:: GIVEN DATA ::
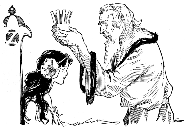 Taking turns, Dorothy, Trot and Ozma did their best to satisfy him. Then Pastoria, himself, told how Lurline, Queen of the Fairy Band, had come to his shop, tried to disenchant him and when she found Mombi's magic too strong for her, had bestowed upon him his remarkable flying ears.
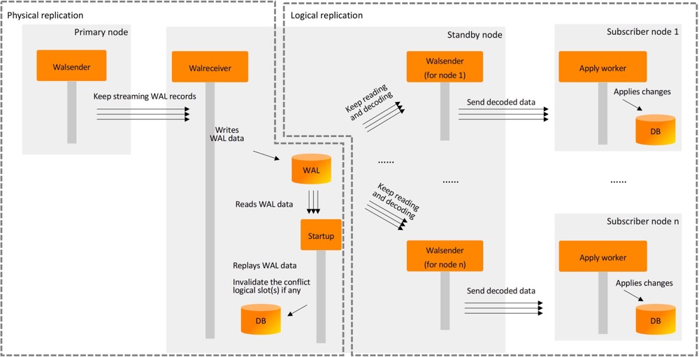 备库支持逻辑解码也是一项较大的提升,以减轻主库的压力。要求主库和备库都设置为 logical,当然这就会涉及到类似流复制冲突了,我们可以查看 pg_replication_slots.conflicting 字段,比如需要的字段在主库上被删了,或者主库将 wal_level 设为了小于 logical 的等级,这个时候备库的复制槽会变成 invalide 的状态。
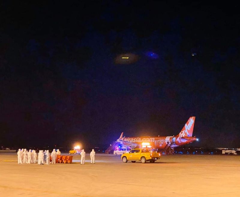 🛬 ทยอยลงจากเครื่องบิน โดยมีเจ้าหน้าที่ สวมชุดป้องกันตามมาตรฐานองค์การอนามัยโลก ใช้เครื่องเทอร์โมสแกน ตรวจคัดกรอง ก่อนลง จากเครื่อง
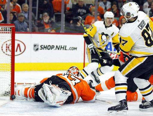 The puck bounces back out behind Philadelphia Flyers goalie Brian Elliott on a power-play goal by Pittsburgh Penguins' Evgeni Malkin (71) as Sidney Crosby, right, watches during the first period in Game 4 of an NHL first-round hockey playoff series Wednesday, April 18, 2018, in Philadelphia. (AP Photo/Tom Mihalek) The Associated Press
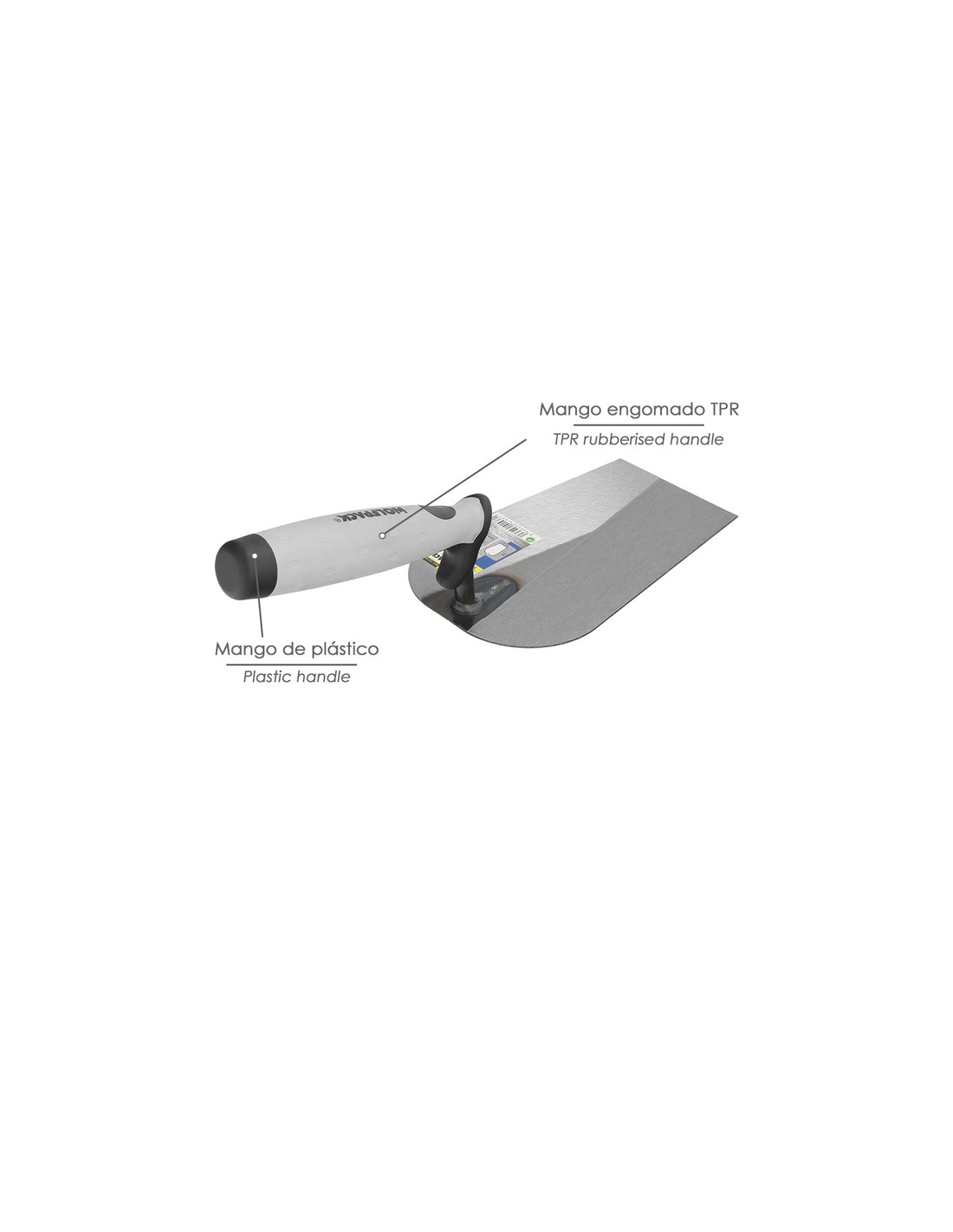- El mango incluye un protector para el dedo índice y una pequeña pieza de plástico para pequeños golpes de ajuste.
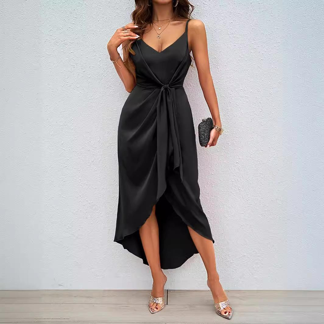 • Women's Sexy Satin V Neck Cami Dress Elegant Backless Tie Waist Asymmetrical High Low Hem Solid Color Summer Party Evening Maxi Slip Dress
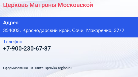Церковь Матроны Московской по адресу 354003, Краснодарский край, Сочи, Макаренко, 37/2 в дальнейшем Организация, размещена в следующих категориях:
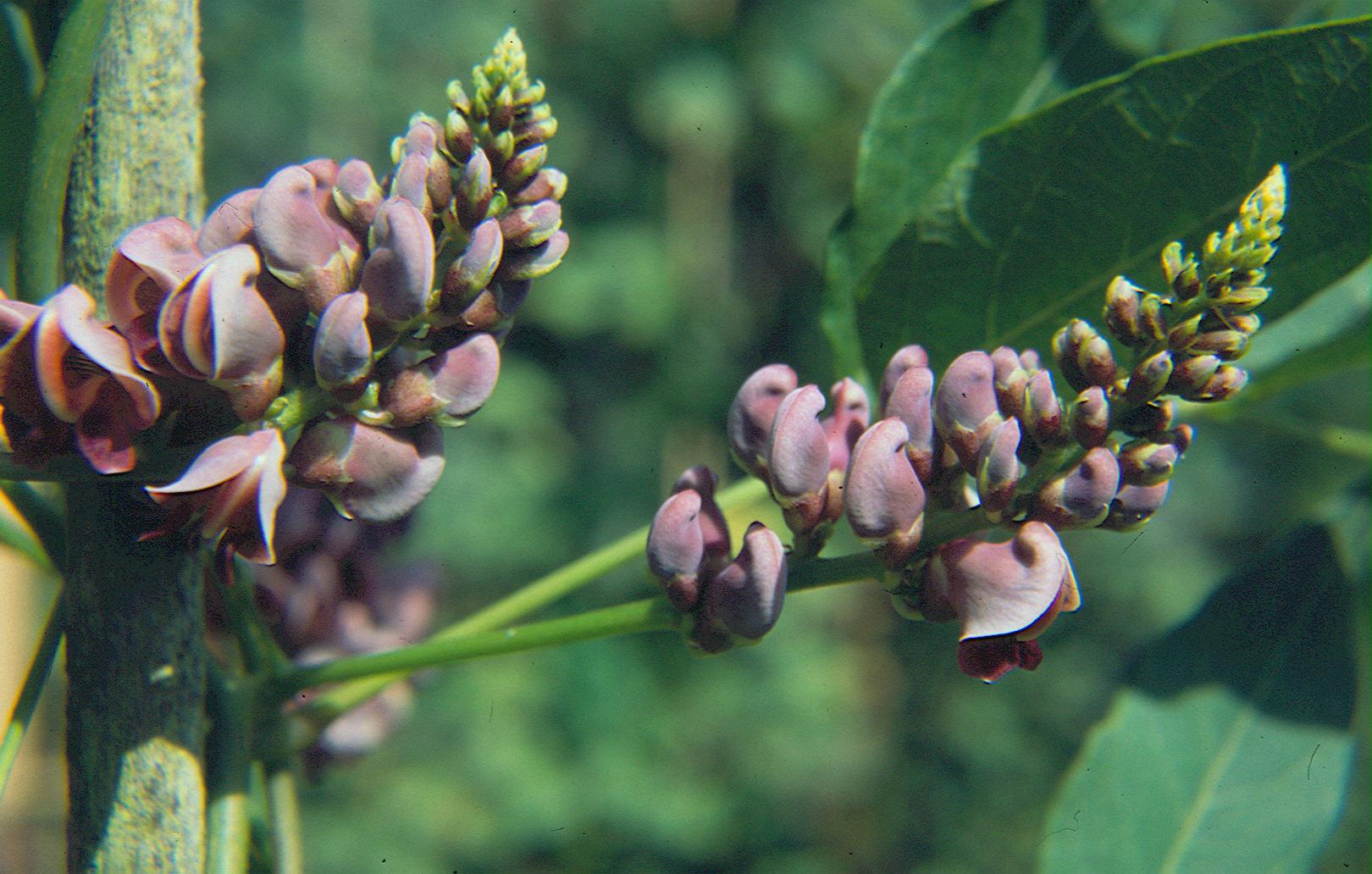 Apios (Erdbirne, Zimtwein) ist ein kletternder, winterharter Schmetterlingsblütler mit
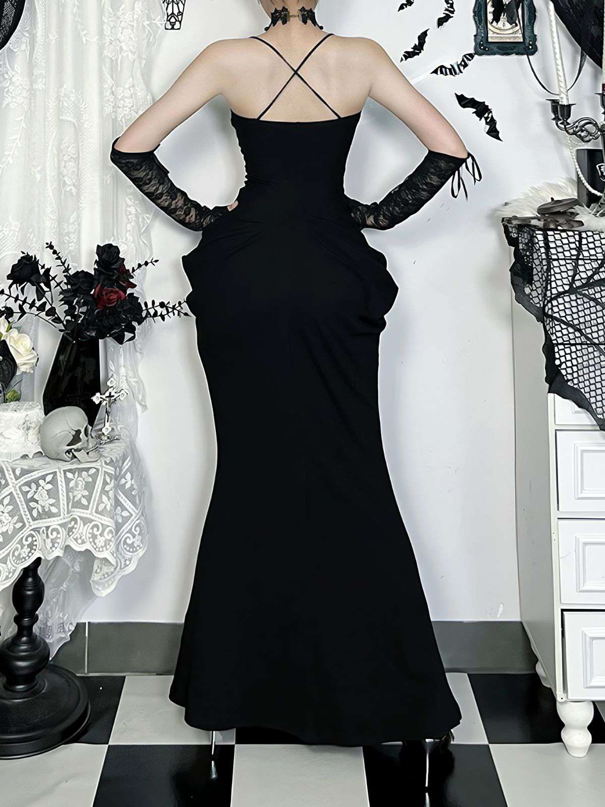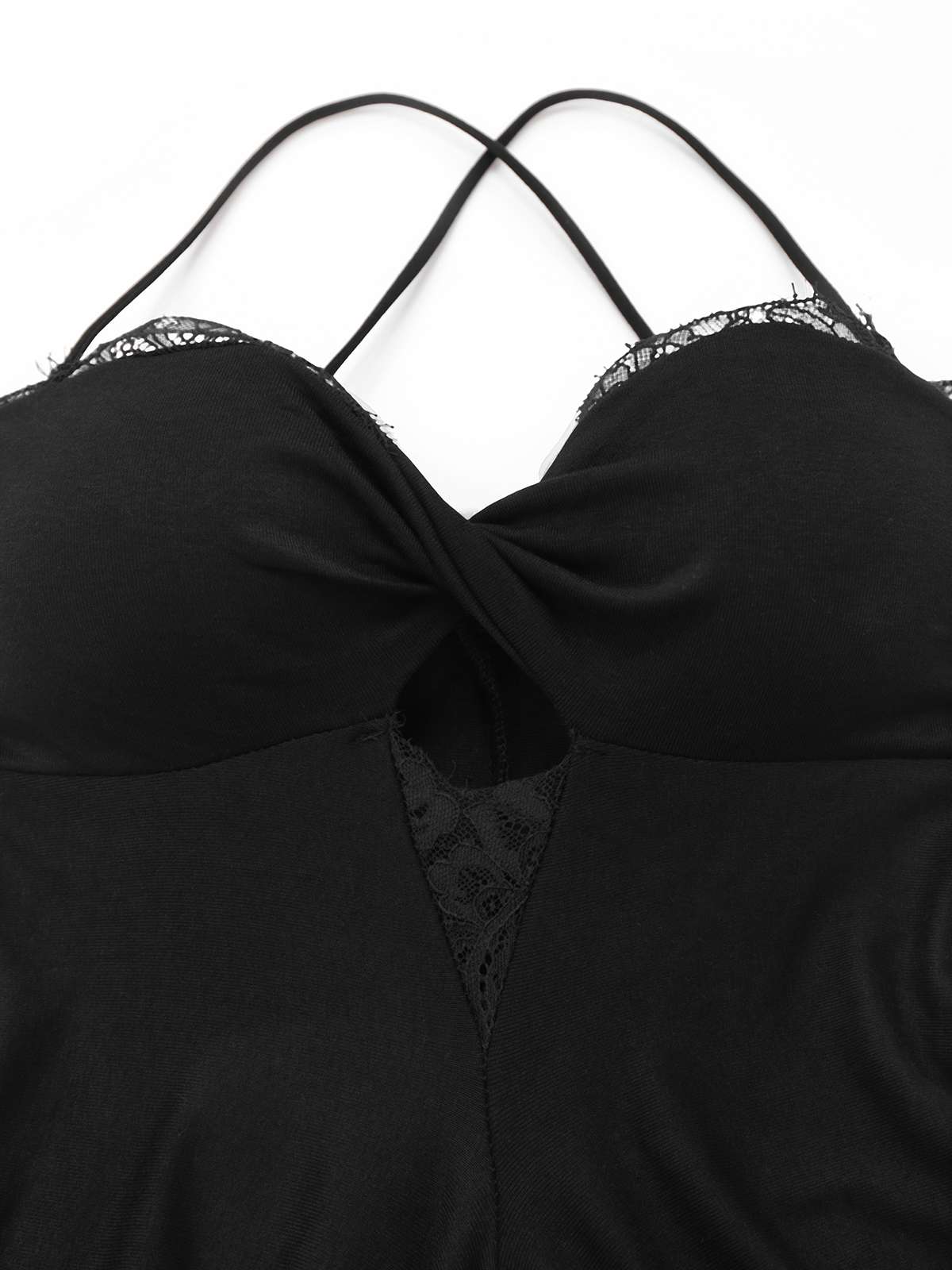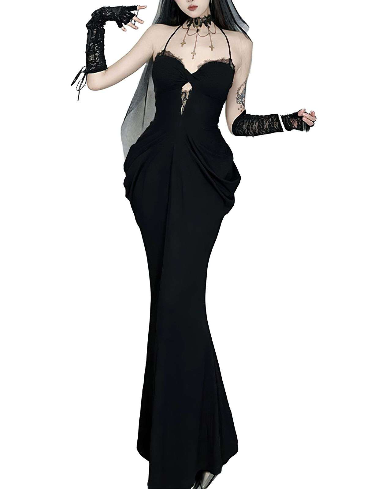 Black 1930s Lace Trimmed Halter Maxi Dress
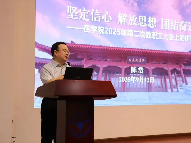党委书记陈浩作了题为“坚定信心,解放思想,团结奋进”的讲话。他传达了学校暑期工作会议精神,指出此次会议进一步明晰了重温总书记嘱托、坚定走向世界一流大学前列的重大任务。他阐述了学院凝聚改革攻坚思想共识的关键问题,提出了锻造激流勇进奋斗集体的思路和举措,激励全体教职工为实现能源学科战略目标贡献力量。
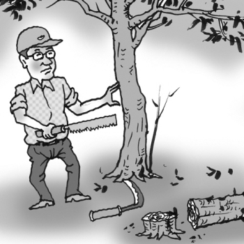매실나무 베어내며 가시에 찔린 상념들이 갈팡질팡, 아프게 서걱거린다. /이종민 객원논설위원
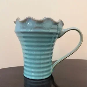 Hand crafted from stoneware with a ribbed body and a scalloped, ruffled top edge.
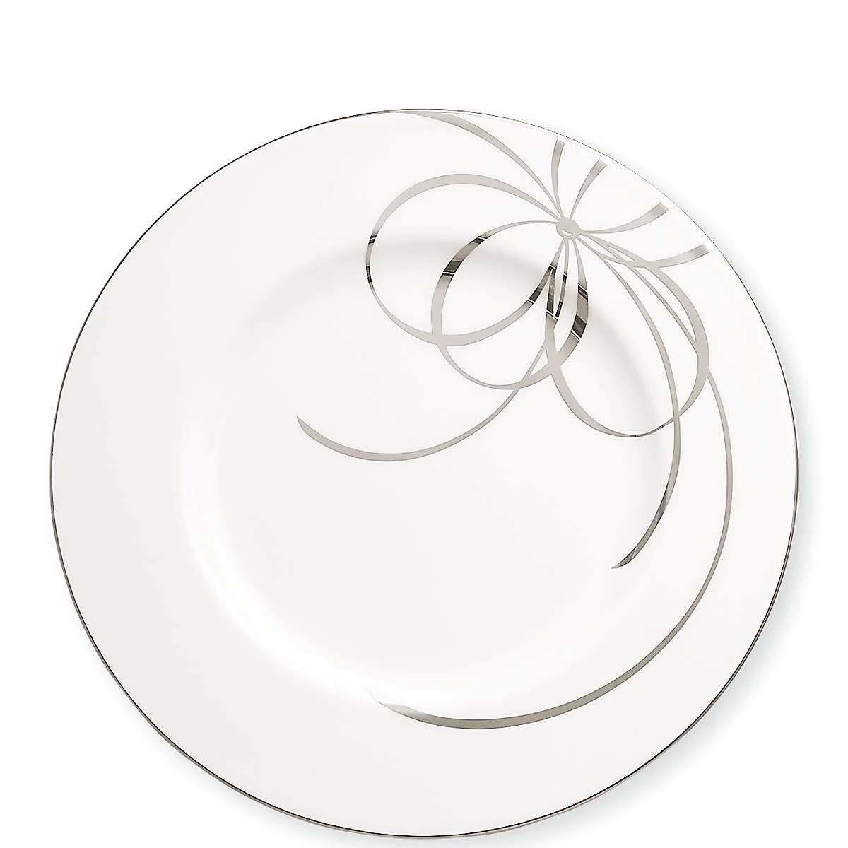 There is no need to wrap this dinnerware — it is already adorned with a delicate flourish of platinum ribbon. The Belle Boulevard Accent Plate from Kate Spade New York is crafted of durable white bone china, and is dishwasher-safe.
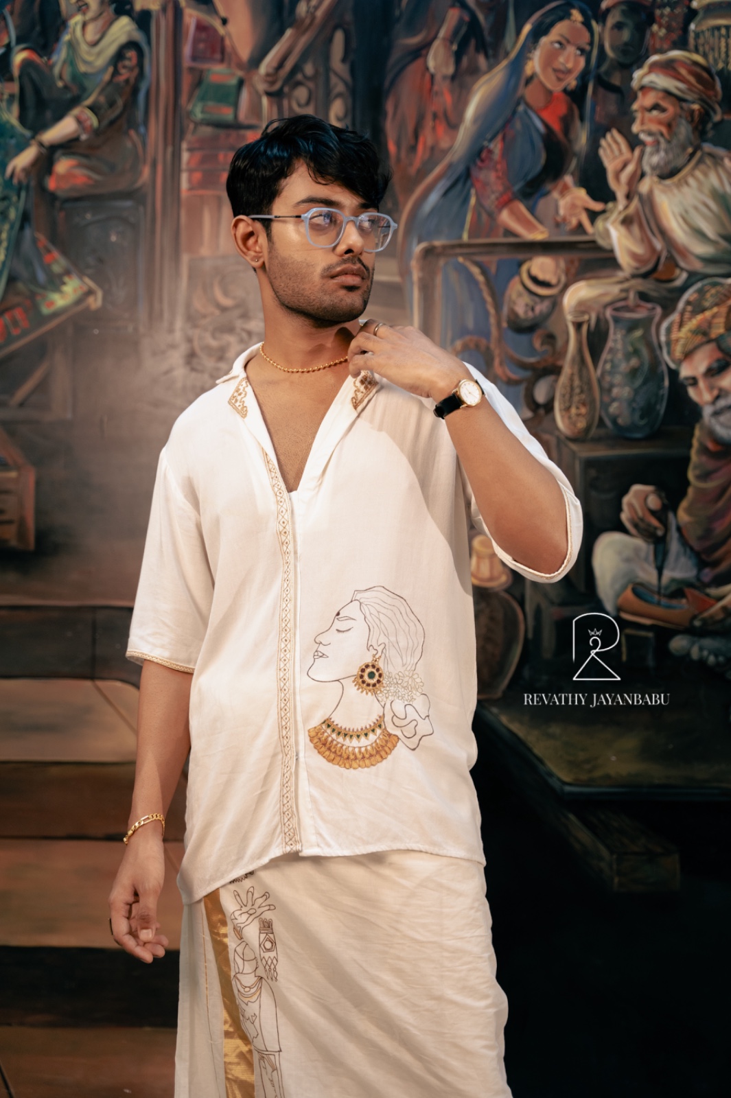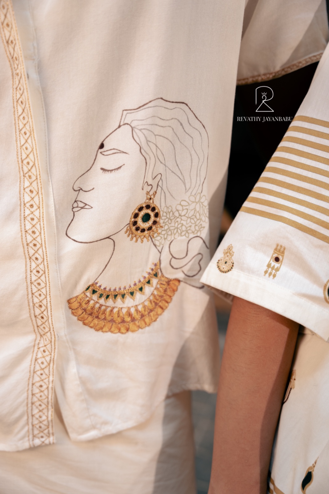 - The off-white shirt features a captivating line-art embroidery and handpainting
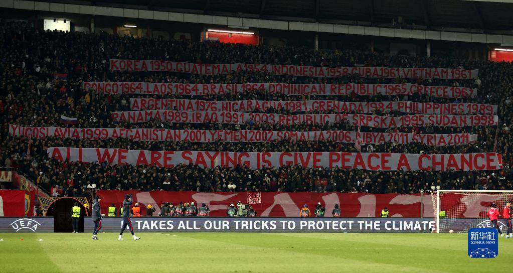 在17日举行的2021-2022赛季欧罗巴联赛八分之一决赛次回合比赛、贝尔格莱德红星队对战苏格兰格拉斯哥流浪者队的比赛中,塞尔维亚观众拉起6条大型横幅。首行横幅引用英国已故知名音乐人约翰·列侬创作的反战歌曲《给和平一个机会》中一句歌词:“我们想说的是,给和平一个机会。”
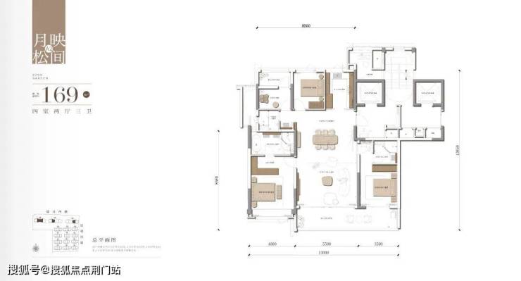 松川境,首开14#楼王墅境住宅大平层,直面约3300㎡央景,仅17F舒居小高层,超90%得房率,共计64套房源,户型包括建面约169㎡都会隐奢四房、建面约199㎡现代雅奢五房。
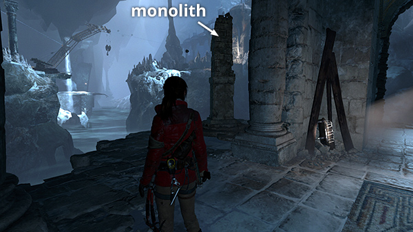 The monolith is near the room with the chandeliers, where you fought the second large group of Trinity soldiers. To get back there, carefully climb down the ice wall inside the circular spike pit (marked on the map and described in the last section of the walkthrough). Step out onto the ledge overlooking the canyon and you'll see the monolith on the right. (Click screenshot to enlarge.)
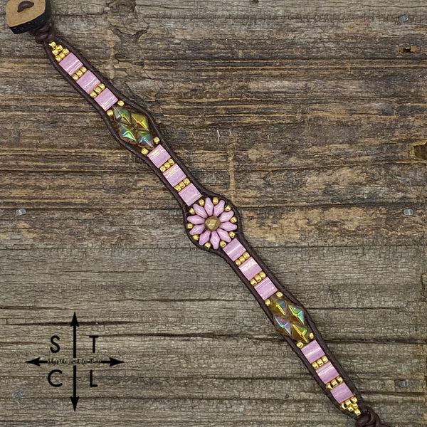 Our Daisy bracelet is a charming boho-style Sky the Limit original, crafted especially for you. The bracelet is handcrafted using a laddered design done on brown leather cording adorned with pink, peacock gold and gold beads. The Daisy bracelet measures 7.25 to 8.25 inches in length and is secured with an adorable button closure.
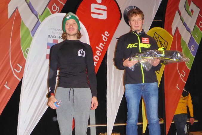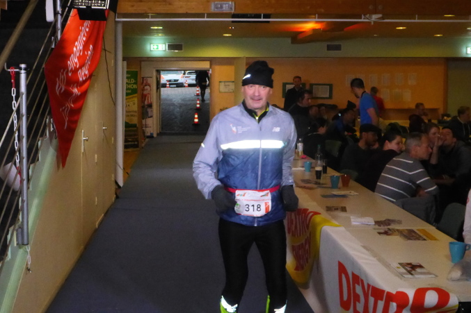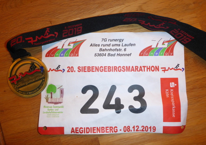 Die Pferdeweide umrunden, dann die letzten Kilometer durchs Wohngebiet. Die zweite Straßensperre wird von unserer Polizei perfekt dicht gemacht sobald sich ein Läufer nähert. Wir haben Asphalt und Pflaster unter den Füßen und schweben an der Hauptstraße entlang zurück zum Bürgerhaus. Die Rampe hinab und rein in die Halle, rauf auf den Teppich, Flutlicht blendet und ab durch den Zielbogen. Es ist geschafft, der 7G - 2019 gefinisht. Eine schöne Medaille ziert meine Brust, während auf der Bühne gerade die Siegerehrung beginnt. Ich bin pünktlich!
:::
WHAT THE TASK ASKS: Leave the pictures out, and retype exactly the lines from the one containing "Our Daisy bracelet" through the last line of the entries above, both included.

THE ANSWER:
 Our Daisy bracelet is a charming boho-style Sky the Limit original, crafted especially for you. The bracelet is handcrafted using a laddered design done on brown leather cording adorned with pink, peacock gold and gold beads. The Daisy bracelet measures 7.25 to 8.25 inches in length and is secured with an adorable button closure.
 Die Pferdeweide umrunden, dann die letzten Kilometer durchs Wohngebiet. Die zweite Straßensperre wird von unserer Polizei perfekt dicht gemacht sobald sich ein Läufer nähert. Wir haben Asphalt und Pflaster unter den Füßen und schweben an der Hauptstraße entlang zurück zum Bürgerhaus. Die Rampe hinab und rein in die Halle, rauf auf den Teppich, Flutlicht blendet und ab durch den Zielbogen. Es ist geschafft, der 7G - 2019 gefinisht. Eine schöne Medaille ziert meine Brust, während auf der Bühne gerade die Siegerehrung beginnt. Ich bin pünktlich!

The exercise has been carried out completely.